The campaign's early development was significantly influenced by the National Secretariat for Social Action of the CNBB, under which Caritas Brazil, founded in 1957, operated. At the time, the Secretariat was headed by Bishop Eugênio de Araújo Sales, who also served as President of Caritas Brazil. His role as the Apostolic Administrator of Natal explains why the campaign was first launched in that ecclesiastical jurisdiction and throughout the state of Rio Grande do Norte.

Launched nationally on December 26, 1962, under the renewing spirit of the Second Vatican Council, the campaign was first held across Brazil during Lent in 1964. The council period was fundamental for conceiving and structuring the Fraternity Campaign, alongside the Emergency Pastoral Plan and the Joint Pastoral Plan, ultimately contributing to the launch of Organic Pastoral work and other initiatives of ecclesial renewal. Over four consecutive years, during extended periods, Brazilian bishops residing together in Rome while attending Council sessions engaged in meetings, study, and exchange of experiences, which provided the fertile context for the campaign's birth and growth.
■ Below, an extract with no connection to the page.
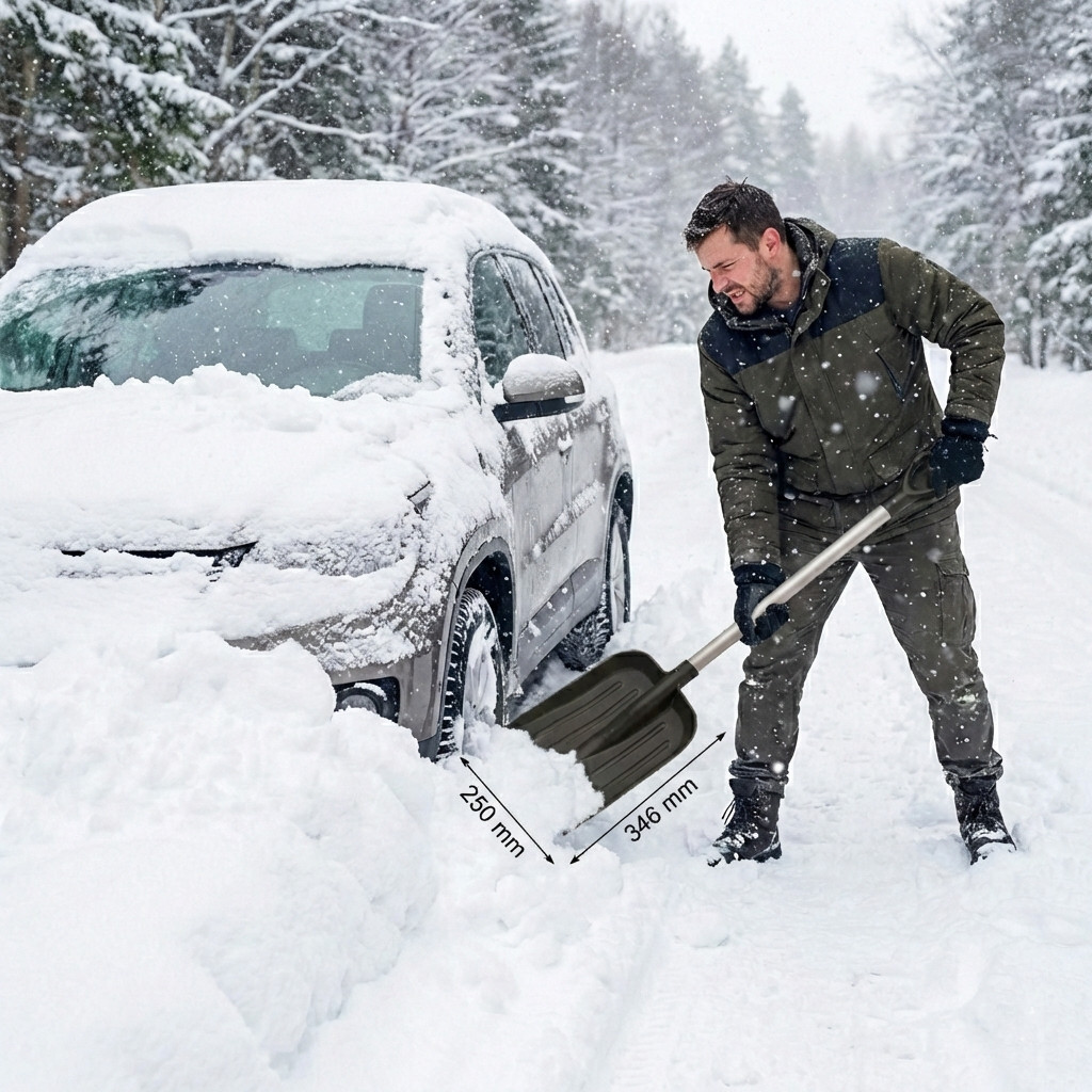 A műanyag lapátfej méretezése lehetővé teszi a hatékony hótolást anélkül, hogy feleslegesen nagy ellenállást fejtene ki. A 250 mm-es szélesség és a 346 mm-es magasság jól kiegyensúlyozott arányt biztosít: elegendő mennyiségű hó mozgatható meg vele, miközben szűk helyeken – például kerék körül vagy parkolóban – is pontosan használható. A műanyag anyag kíméli az autó fényezését, így csökkenti a karcolás kockázatát.

On December 20, 1964, the bishops approved the campaign's foundational document. In 1965, both Caritas and the Fraternity Campaign were transferred from the National Secretariat for Social Action to be directly linked to the CNBB's General Secretariat, marking the CNBB's full assumption of the campaign. This transition established its basic structure. By 1967, the preparation of more comprehensive annual planning materials began, and national meetings for its coordination were initiated. From 1971, the CNBB Presidency and the Episcopal Pastoral Commission also participated in these meetings. A significant milestone was reached in 1970 when the pope began delivering a message for its launch on Ash Wednesday, a practice that continues to enrich the campaign's opening.

From 1962 to the present, the Fraternity Campaign has been a broad evangelization activity developed during Lent. It aims to help Christians and people of good will live out fraternity through concrete commitments, transforming society by addressing a specific problem that requires everyone's participation in its solution. It has become a distinctive expression of liberating evangelization, simultaneously fostering the renewal of the Church's life and the transformation of society. The 2023 campaign, under the motto "Give them something to eat yourselves," faced criticism from conservative Catholic groups, such as the Centro Dom Bosco, which alleged communist influences in its foundational text.

== Campaigns ==
In the history of the Fraternity Campaign's development, several phases can be identified, which also intertwine with the history of the Catholic Church and the recent history of Brazilian society.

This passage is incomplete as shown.